● **What is being asked**
Scan the material for the word "These", and copy each line where it shows up.

● **Records supplied**
--- START ---

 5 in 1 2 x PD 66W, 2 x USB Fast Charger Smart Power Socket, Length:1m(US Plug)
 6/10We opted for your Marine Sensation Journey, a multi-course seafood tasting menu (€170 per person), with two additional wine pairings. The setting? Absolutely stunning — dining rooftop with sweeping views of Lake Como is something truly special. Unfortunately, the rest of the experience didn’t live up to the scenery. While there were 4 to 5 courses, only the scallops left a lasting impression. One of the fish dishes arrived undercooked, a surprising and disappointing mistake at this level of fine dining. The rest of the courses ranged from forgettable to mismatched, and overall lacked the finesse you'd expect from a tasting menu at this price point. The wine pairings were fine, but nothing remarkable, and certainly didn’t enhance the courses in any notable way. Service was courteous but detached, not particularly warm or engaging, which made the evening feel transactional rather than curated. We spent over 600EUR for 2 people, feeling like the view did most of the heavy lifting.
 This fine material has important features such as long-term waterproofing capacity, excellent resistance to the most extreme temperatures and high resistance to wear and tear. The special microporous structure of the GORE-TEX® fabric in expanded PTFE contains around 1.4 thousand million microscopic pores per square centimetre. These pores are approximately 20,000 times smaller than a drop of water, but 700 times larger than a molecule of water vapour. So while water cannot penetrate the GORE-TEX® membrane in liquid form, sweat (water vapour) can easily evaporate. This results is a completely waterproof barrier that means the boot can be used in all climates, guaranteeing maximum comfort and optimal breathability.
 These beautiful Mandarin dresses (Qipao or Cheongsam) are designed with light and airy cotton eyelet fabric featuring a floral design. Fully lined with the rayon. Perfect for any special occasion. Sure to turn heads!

--- END ---
--- START ---

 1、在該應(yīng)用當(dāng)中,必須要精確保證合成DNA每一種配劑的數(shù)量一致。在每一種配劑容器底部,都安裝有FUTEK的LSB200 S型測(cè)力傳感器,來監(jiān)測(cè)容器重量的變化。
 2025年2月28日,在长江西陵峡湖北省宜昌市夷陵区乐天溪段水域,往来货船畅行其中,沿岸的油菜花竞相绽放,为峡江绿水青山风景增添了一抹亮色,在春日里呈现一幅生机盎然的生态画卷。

--- END ---

● **Response to the exercise**
 This fine material has important features such as long-term waterproofing capacity, excellent resistance to the most extreme temperatures and high resistance to wear and tear. The special microporous structure of the GORE-TEX® fabric in expanded PTFE contains around 1.4 thousand million microscopic pores per square centimetre. These pores are approximately 20,000 times smaller than a drop of water, but 700 times larger than a molecule of water vapour. So while water cannot penetrate the GORE-TEX® membrane in liquid form, sweat (water vapour) can easily evaporate. This results is a completely waterproof barrier that means the boot can be used in all climates, guaranteeing maximum comfort and optimal breathability.
 These beautiful Mandarin dresses (Qipao or Cheongsam) are designed with light and airy cotton eyelet fabric featuring a floral design. Fully lined with the rayon. Perfect for any special occasion. Sure to turn heads!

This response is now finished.